Jan Landau’s family knows the horrors of the Holocaust. She made a promise to them, never to forget.

She co-founded the Butterfly Project. It brings the history of the Holocaust to the classroom and introduces an art project, painting ceramic butterflies.

Each beautifully painted butterfly represents the life of a child killed in the Holocaust.

The Butterfly Project is being taught in schools throughout San Diego County. Volunteers have also brought the lesson to schools around the world. Now ceramic butterflies are displayed on walls on every continent of the world.

"We have hope that even in difficult times….things will get better," Landau said.
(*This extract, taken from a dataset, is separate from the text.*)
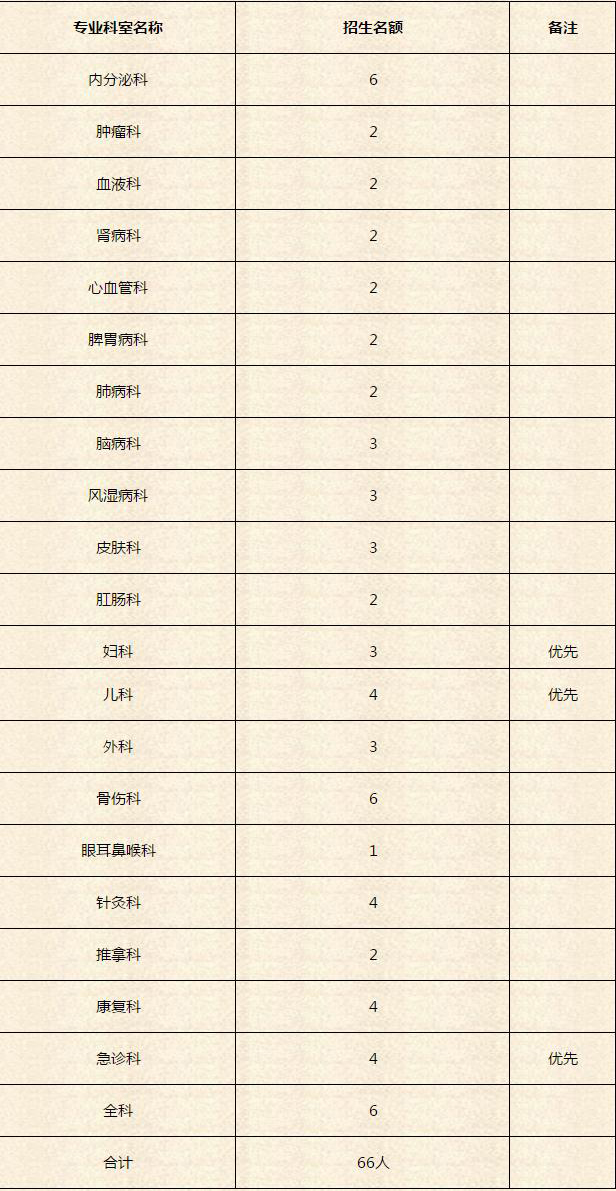 醫(yī)院21個(gè)專業(yè)科室將面向全國(guó)招收住院醫(yī)師規(guī)范化培訓(xùn)住培對(duì)象,具體專業(yè)及招生名額具體見表1。

This lesson is told, not by teachers but the children of Holocaust survivors, bringing the past to life in a way that helps students make the world a better place.

It starts with understanding history. Landau brings the Jewish star to show students. The star was required to be worn on the outside of clothing.

“To identify them as Jews and be treated poorly," Landau said.

Jews were stripped of their names and given only a number and a uniform. The living were forced to take pieces of clothing from those who passed. If they were fortunate to find a way to sew pieces on their uniform, it would keep them warmer in the winters of Poland. A volunteer speaker tells how her father used a pocket.

“My dad took this pocket in hopes he’d find food to put inside this pocket."

Another volunteer speaker show slides of Jewish prisoners sleeping, one on top of each other, on wooden planks, so tightly they couldn’t turn over. They had to rest their heads on their metal food bowl.

“There was no mattress, no blanket, no pillow."

The mission of the Butterfly Project is to honor and remember the 1.5 million children killed in the Holocaust by creating a butterfly for each life lost.

“It represents their voice. They have a voice…we remember these children that were killed," said Landau.

Landau and her team share the trait that gave their families a happy life: gratitude.

“The most important lesson of the Holocaust is to have perseverance; we all go through stuff, but we have to persevere.”

They teach the dangers of hate and bigotry and the importance of being what they call an ‘upstander.’

“To stand up for not only our rights but the rights of others," Landau said.

For her mission to spread love and remembrance around the world, we rewarded Jan Landau with the 10News Leadership Award.

Thank you for giving us beautiful butterflies, and the knowledge to make us better people. People who will rise together against the darkness of evil.